I believe it is the same behaviour that leads to the omission of the confidence intervals for the intercepts in broom:::tidy.polr()
.
> # more efficient mira
> fit.with <- dff %>%
+ map(~.x %>%
+ with(MASS::polr(as.factor(sbq_1) ~ age + gender + ethnicity, Hess = TRUE)))
>
> # same issue
> fit.with[[1]] %>% broom:::tidy.polr(conf.int = TRUE)
# A tibble: 6 × 7
term estimate std.error statistic conf.low conf.high coef.type
<chr> <dbl> <dbl> <dbl> <dbl> <dbl> <chr>
1 age -0.0431 0.0262 -1.65 -0.0964 0.00707 coefficient
2 gender 1.02 0.604 1.68 -0.162 2.22 coefficient
3 ethnicity -2.01 1.44 -1.39 -5.35 0.737 coefficient
4 1|2 -4.94 3.10 -1.59 NA NA scale
5 2|3 -3.50 3.07 -1.14 NA NA scale
6 3|4 -2.63 3.06 -0.860 NA NA scale
It's definitely not related to mice
.
@gerkovink Thanks for the explanation. Now it makes sense why this error occurs. I am wondering if there is any workaround so that I can fit an ordinal regression and then still be able to do a stepwise model selection on multiply imputed datasets?

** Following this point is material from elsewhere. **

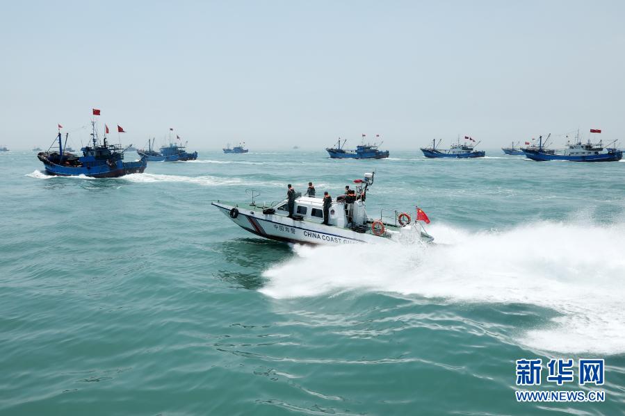 海警執(zhí)法員加強(qiáng)海域巡邏,防止黑惡勢(shì)力滋擾作業(yè)漁船(8月16日攝)。新華社發(fā)(翟少華 攝)

Hi, and thanks for adding! I think @gerkovink is correct that this is due to the inconsistent return values of coef()
and vcov()
(from MASS::polr
). For mitml
, I just pushed a fix that extracts the coefficients from the summary()
instead, which seems to make this more consistent and should allow pooling parameters and model comparisons (with D1, D2, and D4). For mice
, this would probably need to be changed in broom
.
Thanks @simongrund1. mice
already pools the MASS::polr()
models correctly.
I believe this can be closed now.
Gerko, Simon, thanks for chiming in!